12. Hukuk Dairesi Esas No: 2011/10543 Karar No: 2011/28724
Yargıtay 12. Hukuk Dairesi 2011/10543 Esas 2011/28724 Karar Sayılı İlamı
Özet:
Bir alacaklı tarafından başlatılan bir çek haciz yoluyla icra takibi kesinleştikten sonra borçlu tarafından icranın geri bırakılması istendi. Ancak, TTK'nın 730/18. maddesi gereğince çekler hakkında da uygulanması gereken aynı Kanunun 662. maddesi uyarınca, zamanaşımını kesmenin bir yolu da dava açılmasıdır. Borçlu tarafından açılan menfi tespit davasının da bu nedenle zamanaşımını kesmesi gerekir. Bu dava açılmadan önce zamanaşımı gerçekleşmediği için mahkeme, borçlu isteminin reddi yerine kabulünü gerektirir. Mahkeme kararı İİK 366 ve HUMK'nin 428. maddeleri uyarınca bozuldu. Kanun maddeleri: TTK'nın 726, 730. maddeleri ve Borçlar Kanunu'nun 133. maddesi, TTK'nın 662. maddesi.

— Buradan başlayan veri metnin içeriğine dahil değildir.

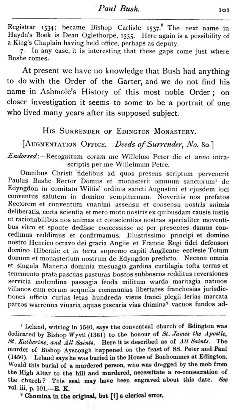 Chapter 4 Paul Bush, Last Rector of Edington ,Records of Wiltshire Parishes,Quakersim in Wiltshire,The Freedom of Sarum,Feet of Fines for Wiltshire,Family Names,Amesbury Monastery,Wiltshire Quakers in America,Queries and Replies
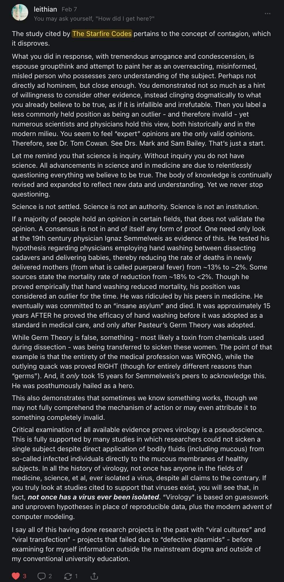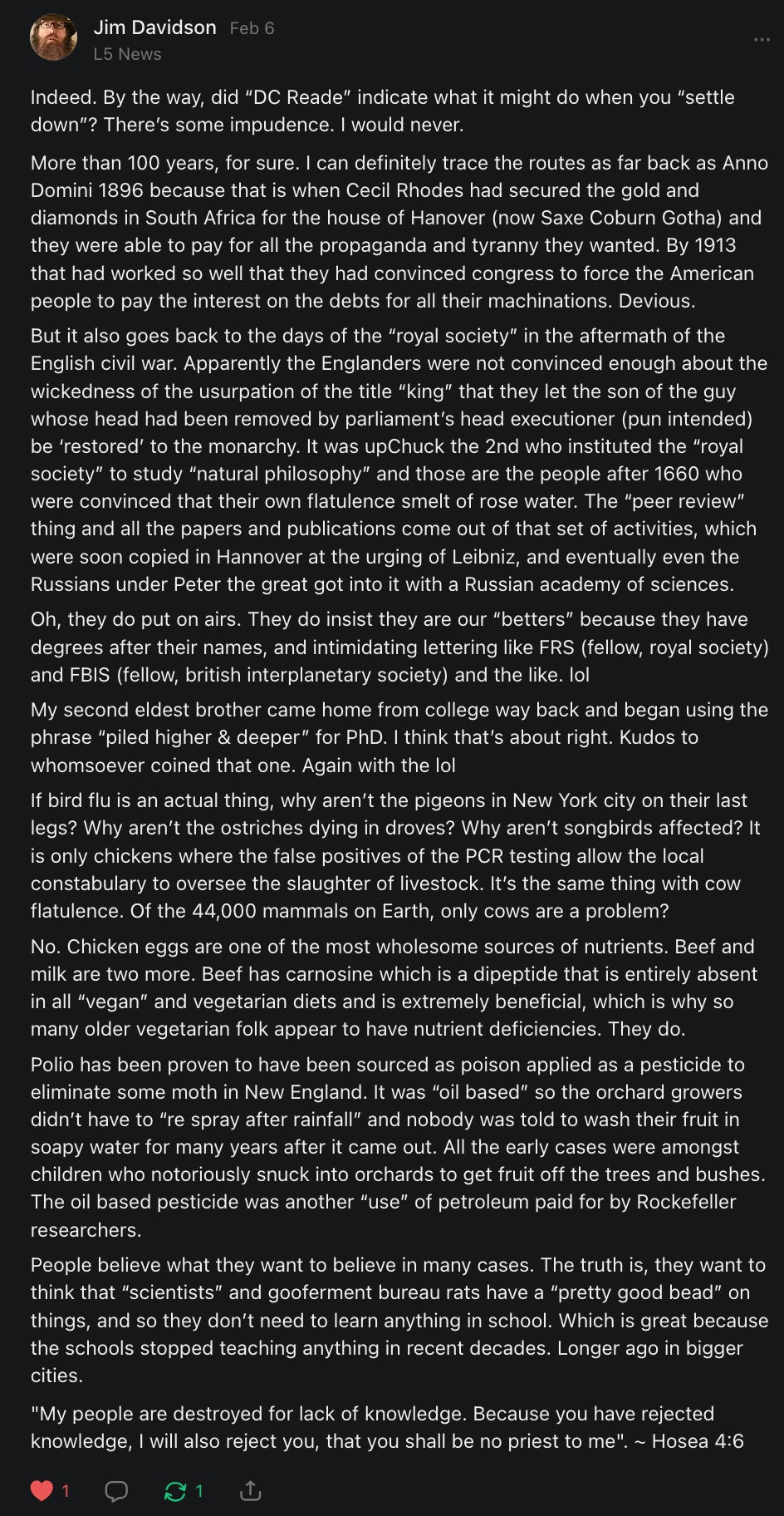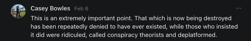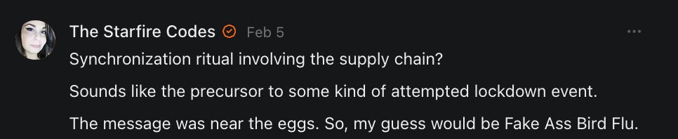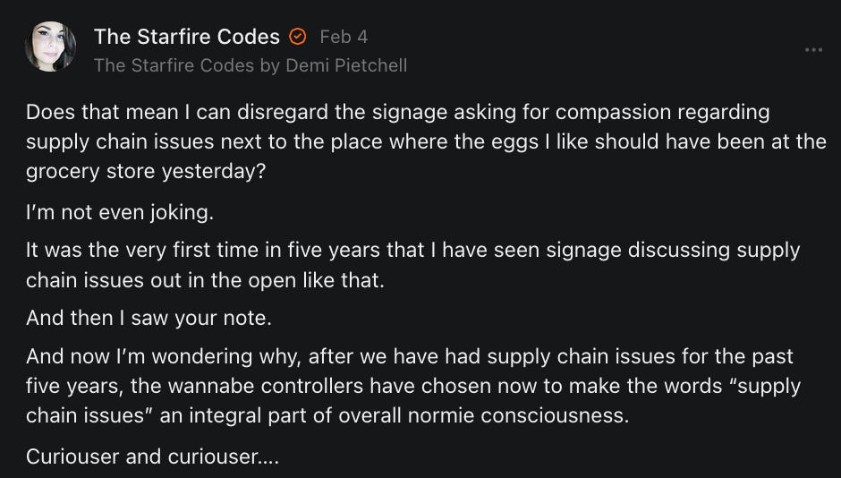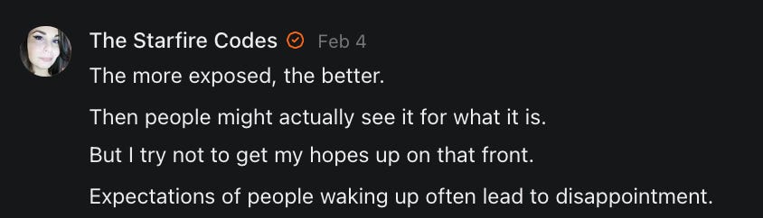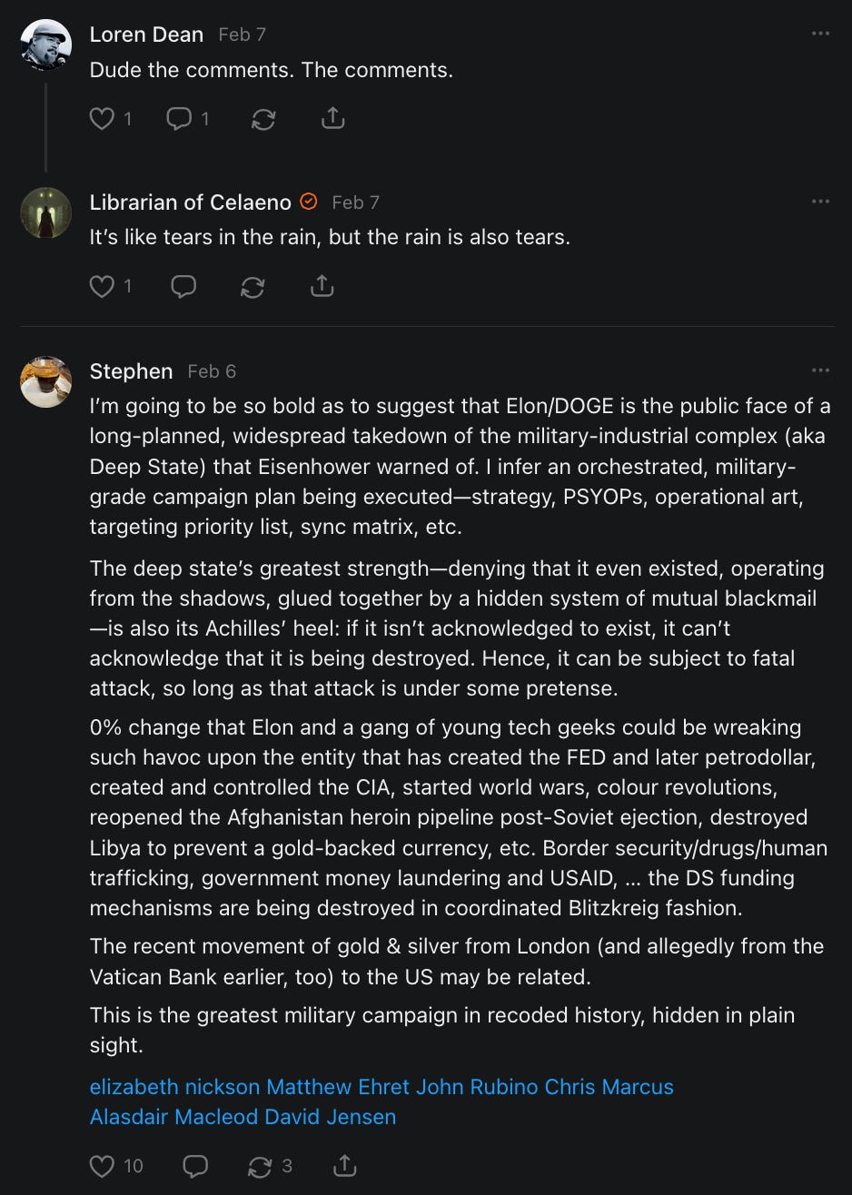 Special thanks to Michael Newberry, Switter’s World, Tracy, Blessed Warrior Reina, Sasha V, valerio, American Nobody, Nani Lani, Karen LeBlanc, Asperges, Rat, Ken Macko, Buggs, Moms Justice Alerts, Johanna Polus, Bobby Schlueter, qangin, Roger, Cameron M. Bailey, The Contrarian Capitalist, Flea Mason, Nathalie Martinek PhD, IPR with Mack Morris, Austin Muhs, Charlotte Pendragon, PhilanthroPissed, E. Jackson, - Rothi I S I P U -, Kent Peterson, Apollo's Lyre, mg, Boflys, Amber Block, TJ, Jeff, Atomic Statements, Becky N., smellycarney, Laggy, Austin Caroe, The Underdog, MJNAVET, Kenneth R. Mintz, the long warred, Philip M. Smith/“Big Philly”, Lex Rex, Esq., Julie, Gary E., MRT’s Haircut, Koltin Scott, Andrew White, Rascal Nick Of, Jim, Anomalous Farrier, Librarian of Celaeno, Love, IPR with Mack Morris, Vance Gatlin, William Hunter Duncan, i3utm, Barbara, Brett A Dill, HamburgerToday, Sandra Combs, Christy Hardin, Doctor Kitt, Joseph Hex, An K., A Citizen, Demonhype, Miss Information, Alfred, Lord Featherstonehaugh, Shanti Rae Lobaugh, Bill, Lia, 2aAlltheWay, Constance, Greg Nance, Xingyi, Chris Falk, Myriad Mike, Stratum Press, Michael Smith, Jake Purvis, Simon Tanner, Jeff Melody, Adrian, Jules, Nels Cutchall, Bart Bounds, Gregory Woods, Teresa Thibodeaux, Debra Szalay, Villein Villion, Erick, Duane, christopher cheatham, Chef Sherry, Norm, Lisa Nicholson, AllAboutEve43, Richard Blackwell, jennifer dibley, Fallon Clark, Andrew | Dad Explains, 13/1 NYS CONstitution, Mike Moschos, Brion PK, Frater Seamus, Kevin Fredericks, Rene Jax, 2aAlltheWay, Dear Citizen, Robert C Culwell, Grand Mal Twerkin, Karina Pawlak, Mike Lara, Jeff McConnell, Jacquelyn Gill, Wolf Krauß, werner aquadea, Susan Taapken, Grand Schemes, Cori Bren, Darian Δ, the author, Jean Marie Bauhaus, Thea, RECrowley, Lin, goodnightrose, Travis Neville Author, splendidretainer, In Love with a Dead Man, Braeden Mitchell, Darrin, Alison Bull, Duane, Stephane J. Perrin, The Mighty Humanzee, Nathalie Martinek PhD, ThothStudio (JCofMars), Robert Peter Kearns, Dan, David Buffalo, Adrian, Jules, Z. Hajime Sertorius, James Logan, AJ, Jackieone, Dana Morehouse, i3utm, Commander Nelson, Warthog, Percival Blakeney, Redbonebandit, Bill Price, Andrew White, Jeffrey Pikul, Sean, DC Reade, tru3, James Love-Vani, Julie, Lucy, Belisa Santiago, Erin Masada, Christopher Cook, The Brothers Krynn, Josh Slocum, Angela Morris, April Novoa, Terrence Gideon, nobody, Bill Pieper, Michael Dreyer, Atomic Statements, Maggie, Deborah Witte, Jeff Melody, The FOJ 449331, Guy Ewing, Promise Workshop, Fritz, Simon Tanner, Andrew Bagley, Courtney, Louis Mettey, Chris commins, Dee Rambeau, Wes Iddings, Jean-Marc, Jim J Wilsky, Deborah T. Hewitt, Frances Leader, Stone Bryson, Morgthorak the Undead, Barbara Wegner, Julian Ajello, Flea Mason, Ol' Doc Skepsis, Allison Riney, leithian, Leslie Fuquinay Miller, The Otter, Jim Davidson, Shannon O’Neill, Dave pearen, Jacqueline Rendell, Char, HamburgerToday, Fritz, Joyce, Stephen, Michael Vigne, ric leczel, the bast, William Hunter Duncan, Remanon Last, Miriam Rachel, The Ivy Exile, Zach Frey, Mike Kay, Renee Green, Sara Stibitz, Lord Skei, Teàrlach, Angel, Shanti Rae Lobaugh, Agent 1-4-9, Lukeas, Mojo Woo, Mia Groves, ShotTheBreeze, Nina Barufaldi, Simon Tanner, Jenean McBrearty, Joseph W. Knowles, Tim Ebl, Geraldine A. V. Hughes, Lilly, Merlin Marquardt, Tara Perrot, Samuel Hanok, Geoff Campbell, Grant Schaeffer, Marisa Baggett, Sevon Coe, xena upside, Matt Monster, No Use For a Name, Dana Morehouse, Linda, Melody Rose, Nancye, Monica's Dark Corner, Anna Marie, Valiarnt Fydar, Becky, Van Ivey, Tish Rezek, Dana, Aime 1030, Stephanie Koopmans, Wheel of Ezekiel Astrology, Joel Walbert, J.T.W., Geno Merryman, Dav Eka, Kenneth R. Mintz, Esborogardius Antoniopolus, Alan Devincentis, Louis Noble, Sergei Ravinovich, Shirlee, Based in Paris, Arrr Bee, V900, Penny Adrian, 9A, The Ivy Exile, AnimalSpirits, UnLambed Zoomer, Fukitol, PxD, Frank, BookWench, Micah Paul Veillon, Dash Dobrofsky, Russell Wilson, Qtto, Elizabeth Hamilton, Durling Heath, David Stark, CR, Geary Johansen, Rebecca, Sheila Dean, Ken Barber, Desmondffarrelly@icloud.com, Kerry Jane, Chris Hall, Professor Axelrod, Last Redoubt, Geoff Campbell, The Brothers Krynn, Gilbo Raggins, David Jensen, Alasdair Macleod, Chris Marcus, John Rubino, Matthew Ehret, elizabeth nickson, Stephen, Loren Dean, Casey Bowles, R.B. Lamb, JasonT, Cody Walker, Kalihi Valley Druid, Peregrinus, Ali Lynn, PSW, CernelJoson, Bryce E. 'Esquire' Rasmussen, Uncouth Barbarian, Rod Dreher, Doug204, Margaritas at the Mall, Shawn Truax, Dean, The Black Knight, and swiley for inspiring these responses and contributing to the subsequent posts and conversations. And thank you to everyone else who contributed to these conversations! 🙏🏻💜💫

12. Hukuk Dairesi 2011/10543 E. , 2011/28724 K.
"İçtihat Metni"
MAHKEMESİ : Küçükçekmece 2. İcra Hukuk Mahkemesi TARİHİ : 01/03/2011 NUMARASI : 2011/256-2011/229
Yukarıda tarih ve numarası yazılı mahkeme kararının müddeti içinde temyizen tetkiki alacaklı tarafından istenmesi üzerine bu işle ilgili dosya mahallinden daireye gönderilmiş olmakla okundu ve gereği görüşülüp düşünüldü : Alacaklı tarafından borçlu hakkında çeke dayalı olarak kambiyo senetlerine mahsus haciz yolu ile başlatılan icra takibinin kesinleşmesinden sonra oluşan zamanaşımı nedeniyle borçlu tarafından İİK.nun 71 ve 33-a maddeleri uyarınca icra mahkemesinden icranın geri bırakılmasına karar verilmesinin istendiği anlaşılmaktadır. Takip dayanağı belge kambiyo senedi niteliğinde çek olduğundan olaya TTK.nun 726 ve 730. maddesi göndermesi ile 662 ve 663. maddelerinin uygulanması gerekir. Borçlar Kanunu"nun 133.maddesine nazaran daha özel nitelikte bulunan ve T.T.K."nun 730/18. maddesi gereğince çekler hakkında da uygulanması gereken aynı Kanunun 662. maddesi zamanaşımının hangi sebeplerle kesileceğini sınırlı bir şekilde açıklamıştır. Bu sebeplerden biri de dava açılmasıdır. Anılan maddede mücerret dava açılmasından söz edilmekte olup, bu davanın kimin tarafından açılacak bir dava olduğu hususunda bir açıklık bulunmamaktadır. Ancak borçlu tarafından açılacak davada alacaklı durumundaki davalının itirazını defi yolu ile ileri sürdüğü cihetle borçlu tarafından alacaklı aleyhine açılan menfi tespit davasının da bu nedenle zamanaşımını kesmesi gerekir. Nitekim Yargıtay HGK.nun 20.01.1996 tarih 1996/12-654 esas 1996/805 karar sayılı kararı ile de aynı ilke kabul edilmiştir. Somut olayda borçlu tarafından 18.03.2010 tarihinde Bursa 2. Asliye Ticaret Mahkemesi"ne 2004/654 Esas, 2007/178 Karar sayılı menfi tespit davası açıldığı ve 17.12.2010 tarihinde davanın reddine karar verildiği görülmüştür. Bu davanın açıldığı tarihe kadar da zamanaşımının gerçekleşmedi ği anlaşılmıştır. Menfi tespit davası zamanaşımını keseceğinden ve kararın kesinleşme tarihine kadar zamanaşımı işlemeyeceğinden mahkemece borçlu isteminin reddi yerine kabulü isabetsizdir. SONUÇ : Alacaklının temyiz itirazlarının kabulü ile mahkeme kararının yukarıda yazılı nedenlerle İİK 366 ve HUMK’nun 428. maddeleri uyarınca (BOZULMASINA), 14/12/2011 gününde oybirliğiyle karar verildi.